Intratumoreel cellulaire heterogeniteit van menselijke kankers wordt ondersteund door het toenemende bewijsmateriaal in de afgelopen tien jaar¹. Vergelijkbaar met normaal weefsel, kanker weefsel bestaat uit een kleine subpopulatie van TICs (ook wel kanker stamcellen genoemd), die tumor vormende vermogen vertonen; Ondertussen vertonen de bulk van kankercellen gedifferentieerde fenotypes². Deze TICs vertonen stamcel achtige eigenschappen, waaronder de uitdrukking van een stamcel marker en het vermogen van zowel zelf vernieuwing als Asymmetrische celdeling, en kunnen dus de vorming van een cellulaire heterogene tumor³initiëren.
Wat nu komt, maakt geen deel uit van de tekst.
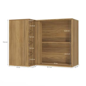 Sua cozinha com toda a beleza e praticidade do Aéreo de Canto N747 da Cozinha Celeste da Kappesberg. Produzido em chapa MDF de 15mm, ele garante robustez, firmesa e qualidade, além de um acabamento perfeito. Com sete camadas de pintura tanto na parte interna quanto na externa, a caixaria possui pintura touch na cor nogueira, contando com a textura dos veios da madeira, enquanto que a porta, com pintura na cor branca, possui acabamento em brilho. Uma combinação linda e moderna, que garantirá mais luminosidade e aconchego ao espaço, deixando sua cozinha perfeita. A escolha ideal para composições em "L", o aéreo possui uma porta e duas prateleiras, além do espaço para organizar louças e mantimentos e ainda, otimizar espaço. Podendo ser montado para ambos os lados e fechando uma ótima combinação com o balcão de mesmo tamanho, o destaque fica para as dobradiças com amortecimento, garantindo um fechamento suave e sem ruídos, incluindo mais durabilidade. E com nicho garrafeiro, você terá uma adega particular em sua casa, tornando cada momento muito especial, que somado ao puxador metálico quadrado na cor dourada completam o design e a qualidade da cozinha, deixando seu ambiente ainda mais estiloso. Renove seu espaço e o deixe ainda mais completo com a Cozinha Celeste da Kappesberg.

Recente studies hebben aangetoond dat TICs zijn niet alleen verantwoordelijk voor tumor initiatie, maar zijn ook geassocieerd met tumor agressiviteit⁴, metastase⁵, en drug resistentie⁶. Daarom is het belangrijk om de biologie van TICs te begrijpen en zo een specifieke behandel strategie te ontwikkelen die gericht is op deze TICs.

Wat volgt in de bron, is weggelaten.